The new world of codecs and formats

It's widely understood that file-based operations inherently are more efficient. A closer look at the typical workflow, however, reveals that while file-based processing, storage and movement of media offers opportunities for streamlining operations, it takes back some of that efficiency by forcing system designers and manufacturers to deal with the huge, growing range of individual codecs used by the different systems and areas of production, preparation and distribution that make up any broadcast workflow.

For decades, baseband analog video and audio were the well-specified, documented and accepted standards among broadcasters for material exchange. As a result, getting media from point A to point B was a straightforward and understood proposition. Little, if any, thought was given to what happened to video within a processing box; it was completely isolated and its internal format irrelevant. As long as a system could accept and output video and audio in the accepted format, it could serve as an island of processing within the larger workflow. The initial move to digital video and audio did nothing to change this. As long as the processor provided adequate picture quality and the required input and output formats, the internal codec was of little interest to the system designer. The transition to file-based workflows is changing all of that.
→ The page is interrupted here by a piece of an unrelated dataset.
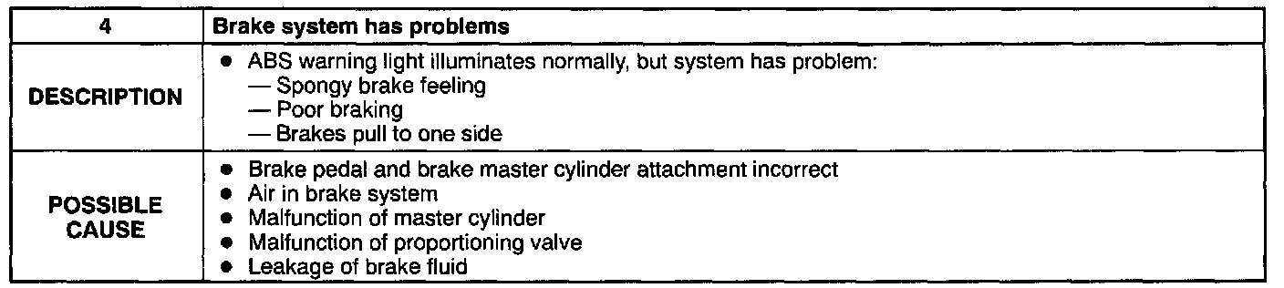 - The ABS warning light normally illuminates for 2 - 4 seconds after ignition switch is turned to ON.

File-based workflows: New considerations

Notable efficiencies can be gained by passing material from one processor to another in compressed form. System latency can be significantly reduced as, given a specific transfer bandwidth, compressed media can transfer at many times faster than real time. End-to-end picture quality can also be improved by avoiding multiple decompress/transfer/compress stages as media passes through the workflow — at least in theory!
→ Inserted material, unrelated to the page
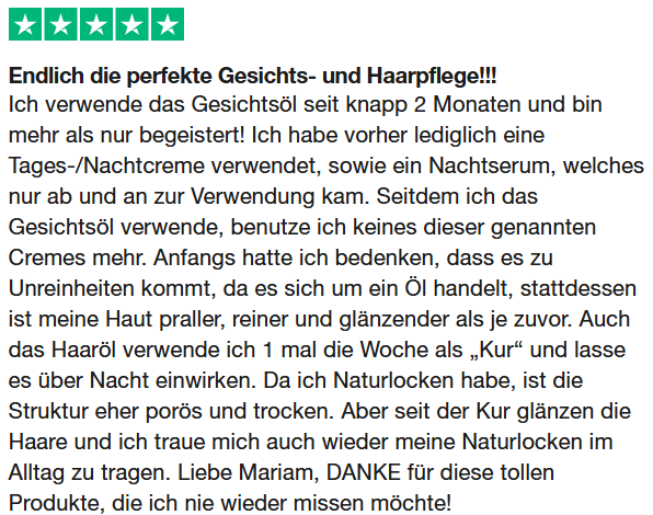 "Erstaunlich gute Pflege! Habe meine ölige Haut & schnell fettende Haare nun im Griff." - Pia

Unfortunately, this last point leads to new concerns for the system designer and equipment manufacturer. Because no single codec is optimal for all of the processes in the system, the system designer must now understand the pros and cons of each of the codecs involved in the various processors that make up the signal path, not only to decide intelligently which codecs should be used at each step, but also to understand the number of transcodes/rewraps that may be necessary to convert files throughout the various steps in the workflow — even if these transcodes/rewraps occur internal to an individual manufacturer's equipment.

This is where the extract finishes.